While Youth MPs were sworn into parliament today, Labour’s Annette King showed outrage over a gender segregated Powhiri.

One hundred and twenty one Youth MPs participated in a traditional Maori Powhiri whereby males spoke from various iwis and were placed in front of females who completed the welcoming call, otherwise known as Karanga.

Labour MP Annette King said she was not comfortable with the "segregated nature" of the welcoming.

"In no way would this have happened during Helen Clark’s day," she said.

Ms King said she would strive for gender equality for future Powhiri’s so that they could "accurately reflect" the House of Representatives.

"A change is long overdue, in my opinion," she said.

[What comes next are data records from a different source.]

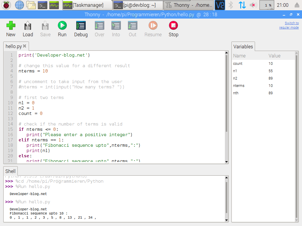 Raspbian Linux kommt in der einfachsten Desktop Version bereits mit der Python IDE Geany. Öffnet man diese und vergleicht sie mit Thonny ist auf den ersten Blick bereits eine komplexere Oberfläche auffällig. Der Python Anfänger könnte sich von der großen Zahl an Fenstern und Steuerelementen erschlagen fühlen. Für ein paar Zeilen Code schon fast zuviel. Thonny ist im Vergleich dazu in der Tat die für Anfänger deutlich freundlichere Arbeitsumgebung.
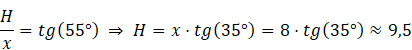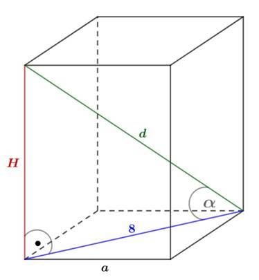 Z zależności trygonometrycznych w trójkącie prostokątnym określ długość przekątnej podstawy (x). Ze wzoru na przekątną kwadratu
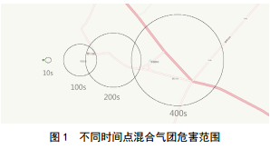 以10%天然氣濃度(窒息危險濃度)為濃度邊界,時(shí)間點(diǎn)分別取10 s、 100 s、 200 s、 400 s,運行天然氣管道事故后果分析工具箱中的高斯煙團模型,不同時(shí)間點(diǎn)混合氣團覆蓋區域如圖 1所示。
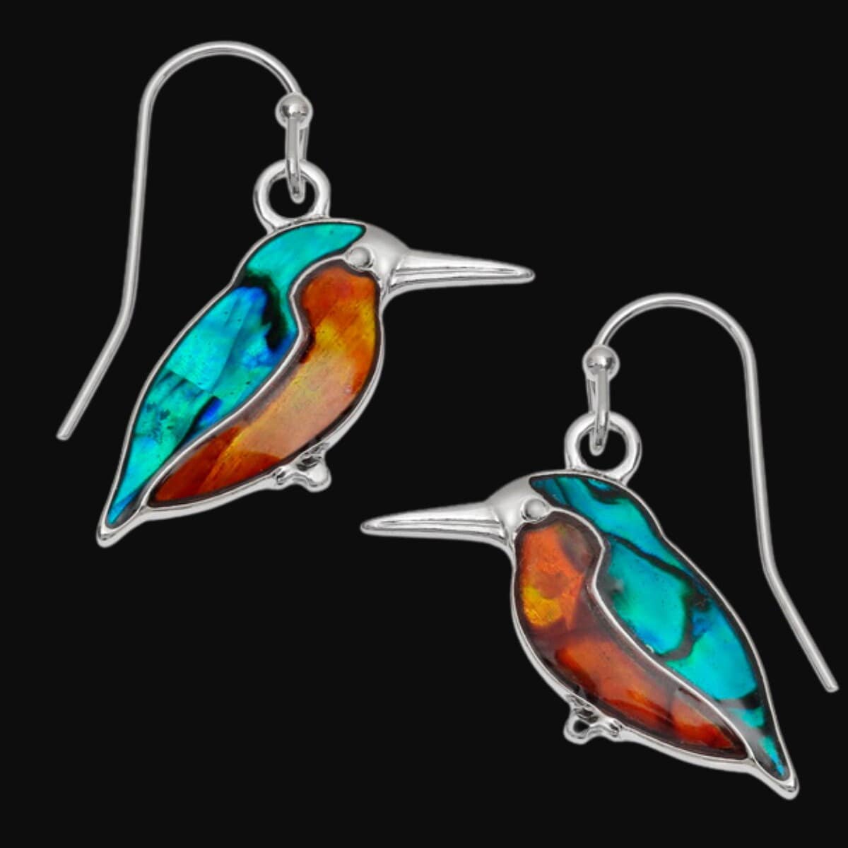 🐦 KINGFISHER BIRD EARRINGS WITH ABALONE SHELL

"It was wrong. Some of my colleagues will disagree with me on this one."

New Maori Party co-leader Te Ururoa Flavell said the seating was not really an issue because it was simply the result of Maori protocol.

"Everyone has a part to play," he said.

In its simplest form, men sit in front so they can shelter women from any negative influences, whether it be physical, spiritual or otherwise, he said.

At no point did that effectively mean women were in need of protection, he said.

There were some things women do that men do not - Karanga and giving birth for example, he said.

The seating and speaking rules varied from iwi to iwi, he said.

"These particular seating protocols are protected in this area."

Te Ati Awa iwi performed the Powhiri and hail from the Taranaki and Wellington regions.